August 19th, 2018

Dogs don’t belong in playgrounds


By Lethbridge Herald on May 18, 2018.


Al Beeber
Lethbridge Herald
abeeber@lethbridgeherald.com
I try every year to take the week of my birthday off. It’s usually a time when a person can get in the yard and do some spring gardening prep. I don’t tend to celebrate birthdays much since that is the day my son in grade 9 was diagnosed with Type 1 diabetes.
But I take it off anyway and last week I managed to achieve a personal first — hitting Costco three times in five days. The first was in Calgary after visiting my elderly dad, the second after a dentist appointment with Dr. Kevin Goth, whose office is right across the street from Costco in Lethbridge.
That visit was probably a mistake. After four fillings, my face was frozen so badly I couldn’t even talk which I’m sure had staff wondering if I’d stopped at the adjacent liquor store first. But when I’m staring at the Costco sign while my mouth is being drilled for an hour, the temptation is too much to resist. And so was the lemon poppyseed cake which I pretended was kale, two loaves of it ending up in my cart as I slobbered and drooled through the aisles.
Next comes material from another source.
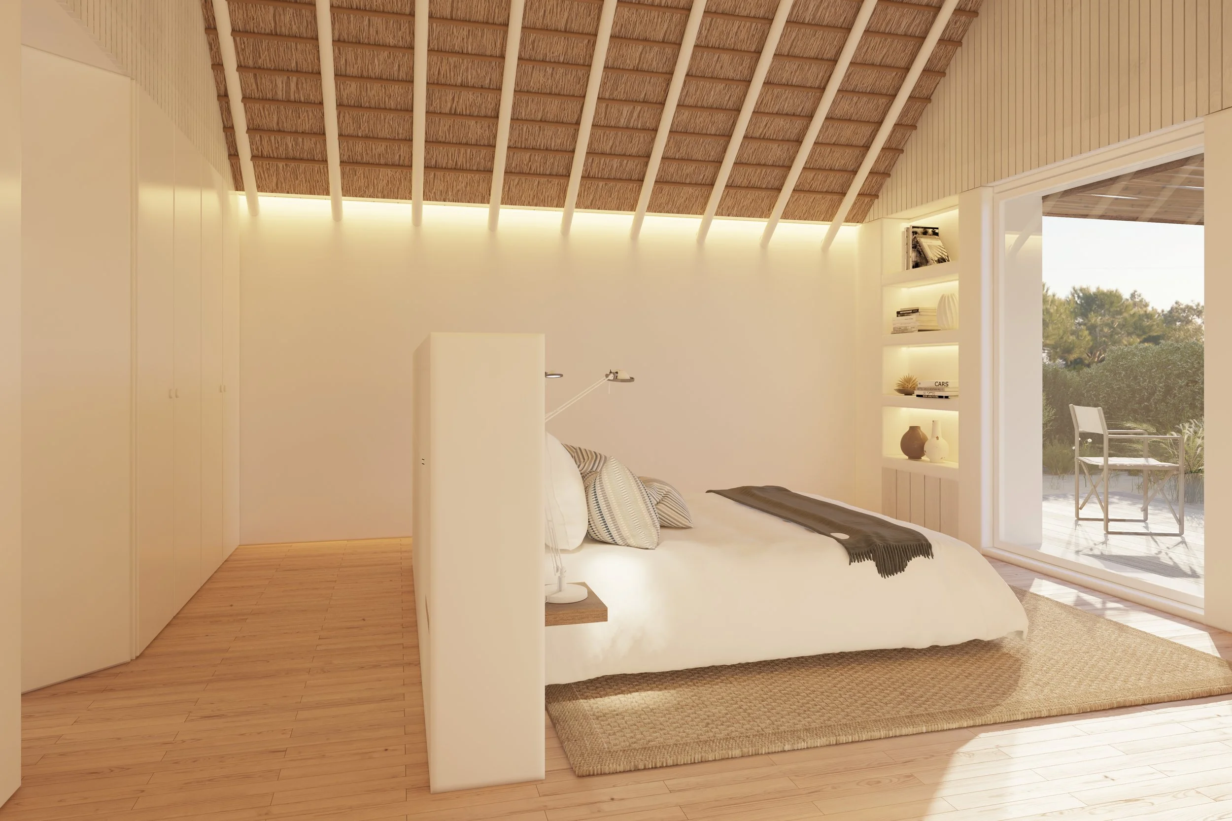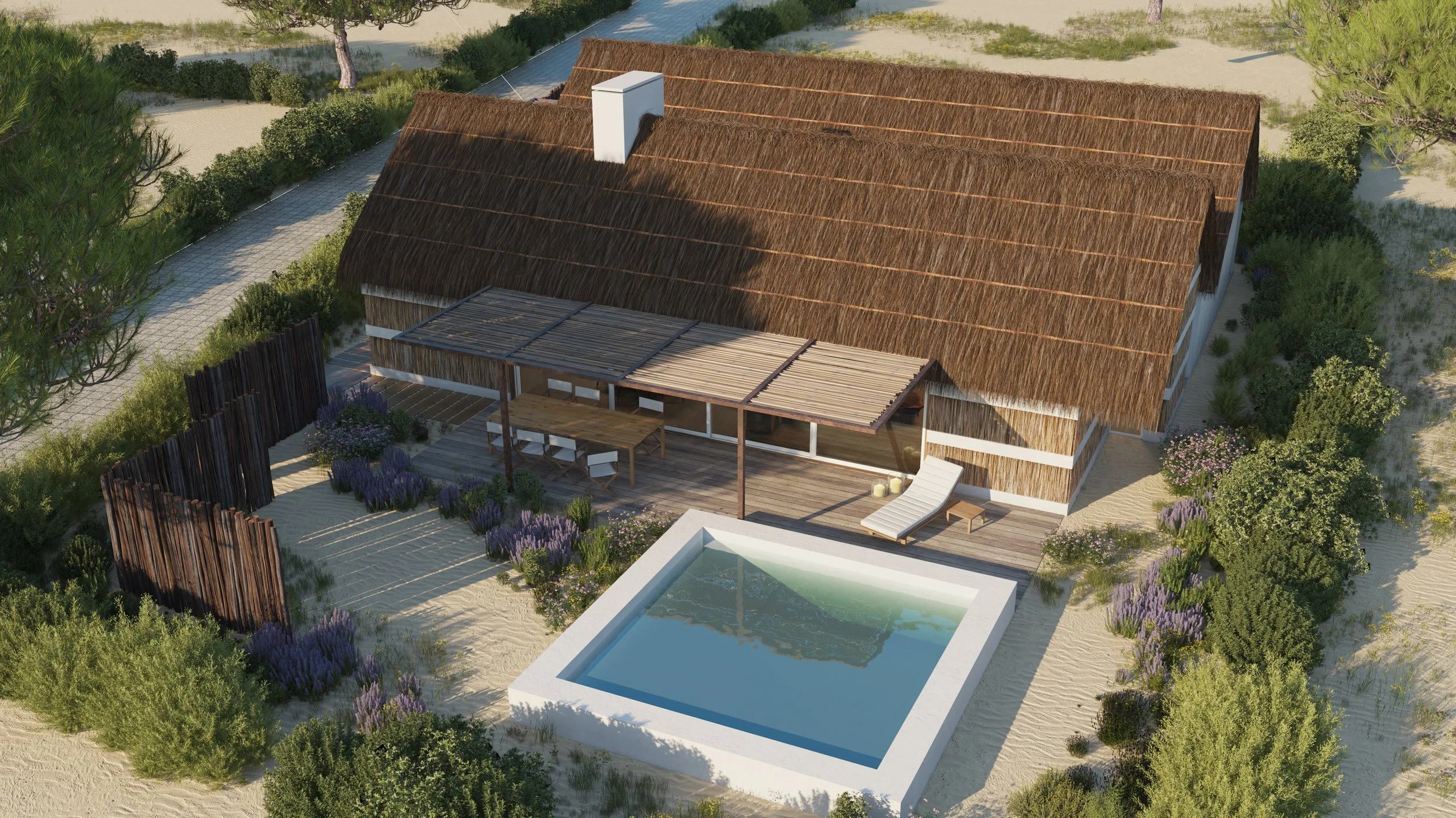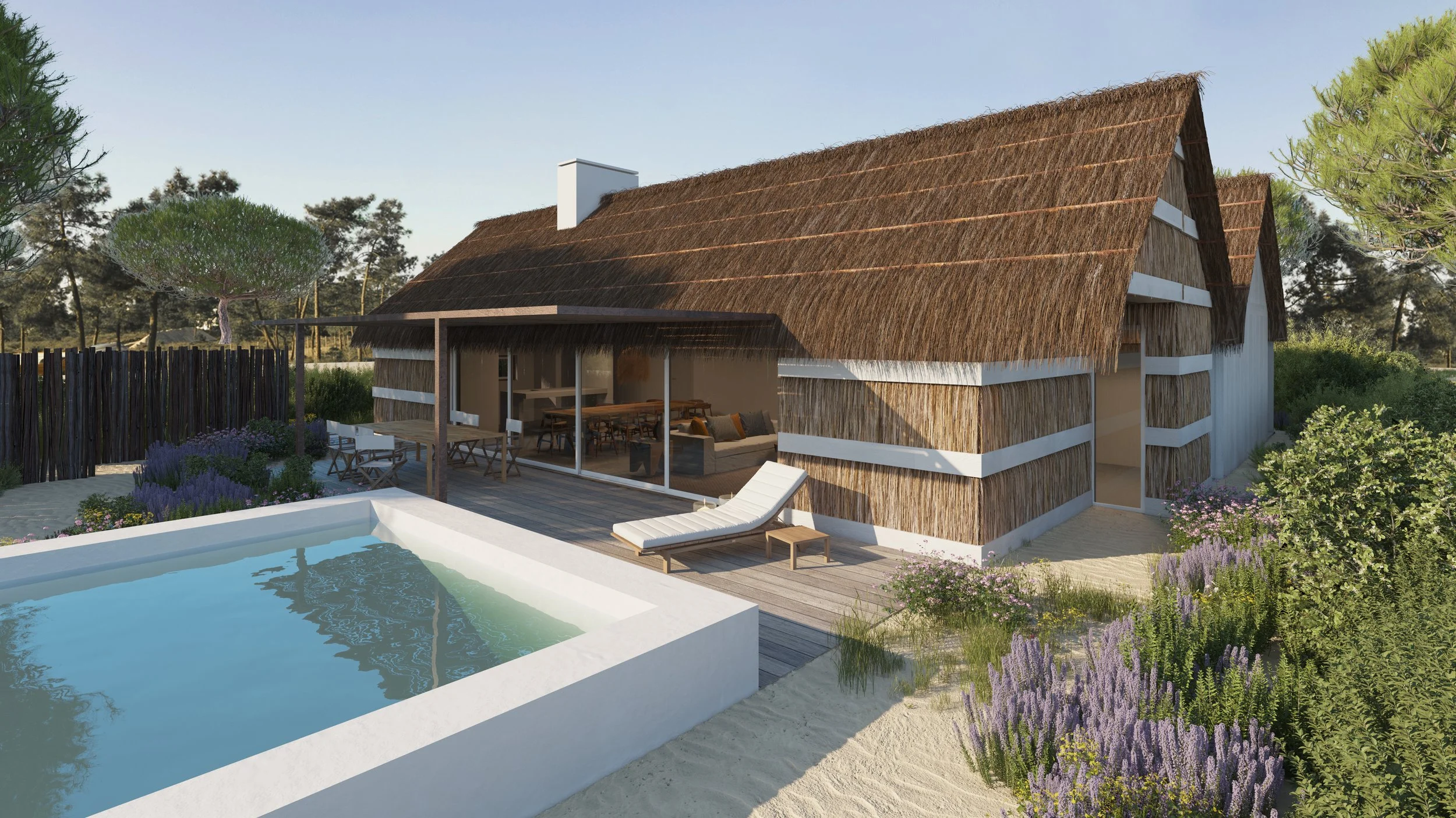 Located in one of Herdade da Comporta’s most exclusive areas, this residential project comprises three T4 villas on 500 m² plots, designed by GSS — Gonçalo Salazar de Sousa. Inspired by the region’s traditional architecture, the homes combine wood, thatch, and contemporary lines, featuring high-end, Comporta-style finishes. Each villa includes four en-suite bedrooms, a spacious living room with fireplace, and generous outdoor areas with a deck and private pool. Just a short walk from the beach and one hour from Lisbon, the villas will be delivered in June 2026.

Best “kale” I’ve ever dug a fork into.
The third stop simply happened because I was in the area and the truck just turned into the parking lot on its own. It happens sometimes, trust me. And lo and behold, there was still “kale” in the bakery section!
During the week, I pretty much tuned out of the world except for satellite radio. I did breathing exercises with the dogs on the sofa two hours a day — my euphemism for napping — and of course made sure they were walked.
And that walking led me to a couple of unexpected experiences at city parks — people playing with their kids on the equipment while letting their dogs run off-leash and unsupervised. Except for dog parks, our four-legged companions need to be kept on leash, a matter I found troubling when a couple of scruffy little ankle biters looking like rats crossed with mops ran up to mine, barking and snarling while their owners tended to children on playground equipment.
The comment made by their owner that my dogs didn’t want to play was asinine. Just because people think their dogs are friendly, they can’t assume others are. My German Shepherd can be, but sometimes isn’t, and at more than 100 pounds, he’s big, strong and can be hard to restrain when he’s angry. Which is why he’s always on leash, even at Popson Park unless he’s with dogs he knows and likes.
When provoked, dogs are going to react — whether it’s to another dog being aggressive, or maybe by being startled inadvertently by a bicyclist or jogger. Dog owners have to be aware of their surroundings and focus entirely on their animals when in public. I believe any dog can be aggressive, and none should be trusted — especially at a busy city park — to wander around loose.
And who in their right mind is going to bring one to a playground? Dogs urinate and they defecate, and no matter how well an owner cleans up the mess, there is still going to be residue for kids to step on or touch. Common sense should dictate dogs don’t belong around those play structures, or on the surrounding grassy areas. But people bring them anyway, which is pure unadulterated idiocy.
It’s particularly dumb at Sunridge where signs warn park users to be wary of rattlesnakes. Unless they’re aliens with two heads and multiple eyes, parents can’t keep track of children and dogs at the same time. And they can’t reasonably expect others to accommodate their multi-tasking.
All people need to be respectful of others while enjoying city parks. That way we are all safer and everyone is happier. It should be a simple concept to grasp. Sort of like flossing daily. And I bet a lot of us ignored that for too long.